=== Section Start ===
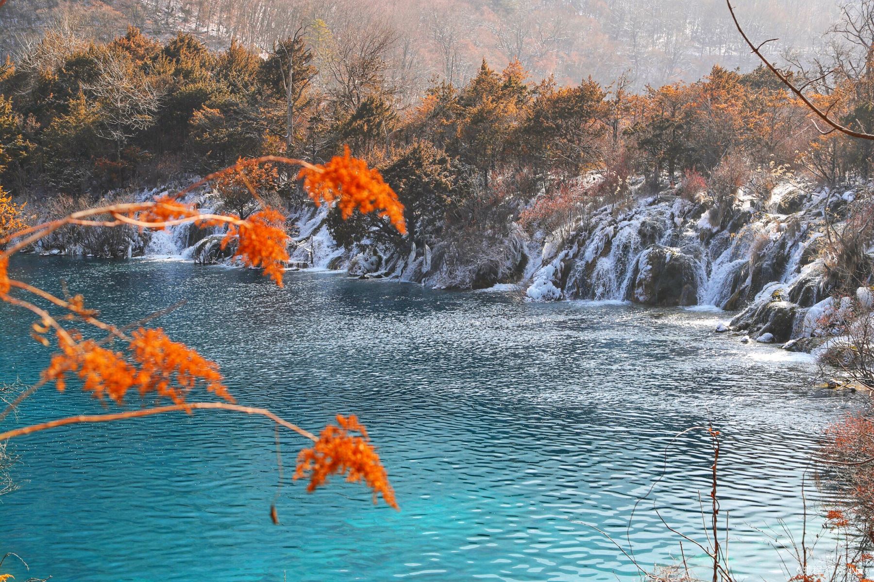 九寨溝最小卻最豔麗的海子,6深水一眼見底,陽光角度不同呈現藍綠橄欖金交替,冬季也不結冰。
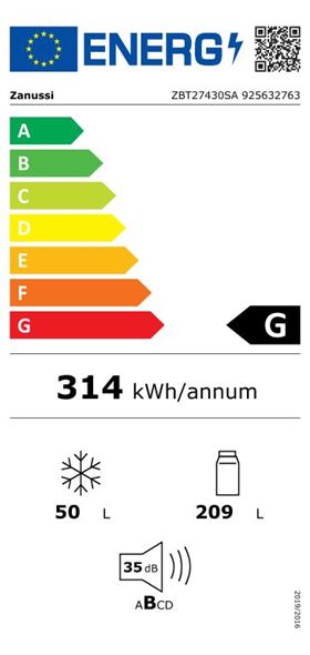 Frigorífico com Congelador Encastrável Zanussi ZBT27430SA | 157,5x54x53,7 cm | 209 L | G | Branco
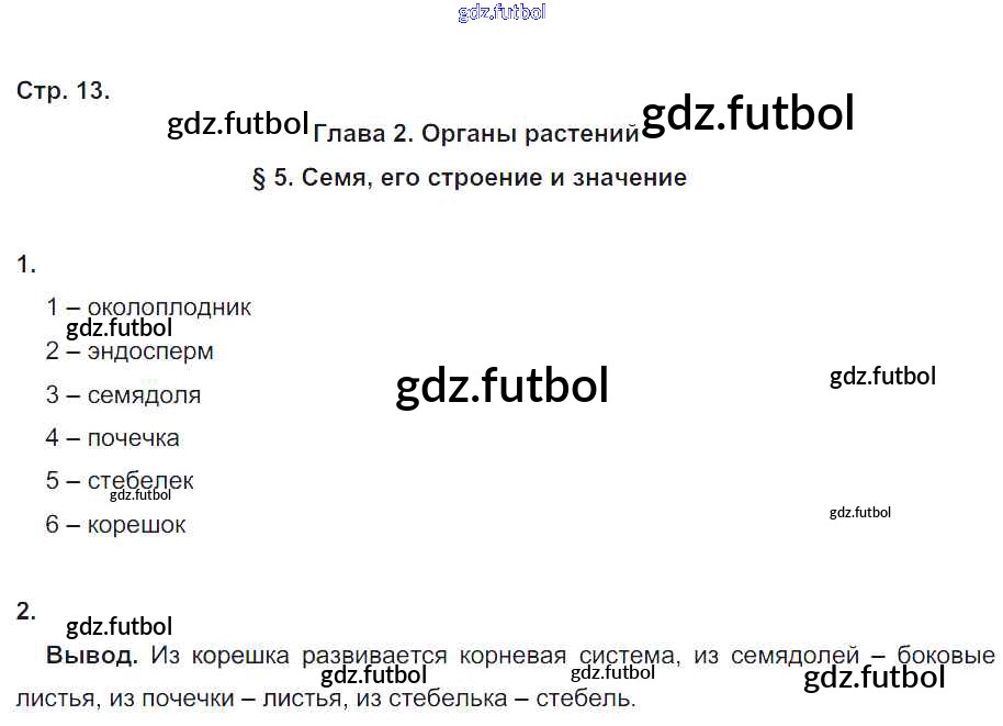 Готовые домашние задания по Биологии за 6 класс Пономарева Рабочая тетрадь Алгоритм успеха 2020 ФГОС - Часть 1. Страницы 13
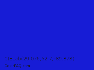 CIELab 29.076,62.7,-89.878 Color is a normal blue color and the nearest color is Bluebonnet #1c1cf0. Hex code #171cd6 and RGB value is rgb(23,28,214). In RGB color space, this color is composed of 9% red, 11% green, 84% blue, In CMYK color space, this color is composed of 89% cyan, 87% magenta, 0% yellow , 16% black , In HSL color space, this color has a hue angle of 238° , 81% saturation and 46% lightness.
=== Section End ===
# Task prompt
Only the lines from the one holding "Готовые домашние задания" through the end of the data are to be printed, exactly as they stand and with no pictures.

# Solution to the exercise
 Готовые домашние задания по Биологии за 6 класс Пономарева Рабочая тетрадь Алгоритм успеха 2020 ФГОС - Часть 1. Страницы 13
 CIELab 29.076,62.7,-89.878 Color is a normal blue color and the nearest color is Bluebonnet #1c1cf0. Hex code #171cd6 and RGB value is rgb(23,28,214). In RGB color space, this color is composed of 9% red, 11% green, 84% blue, In CMYK color space, this color is composed of 89% cyan, 87% magenta, 0% yellow , 16% black , In HSL color space, this color has a hue angle of 238° , 81% saturation and 46% lightness.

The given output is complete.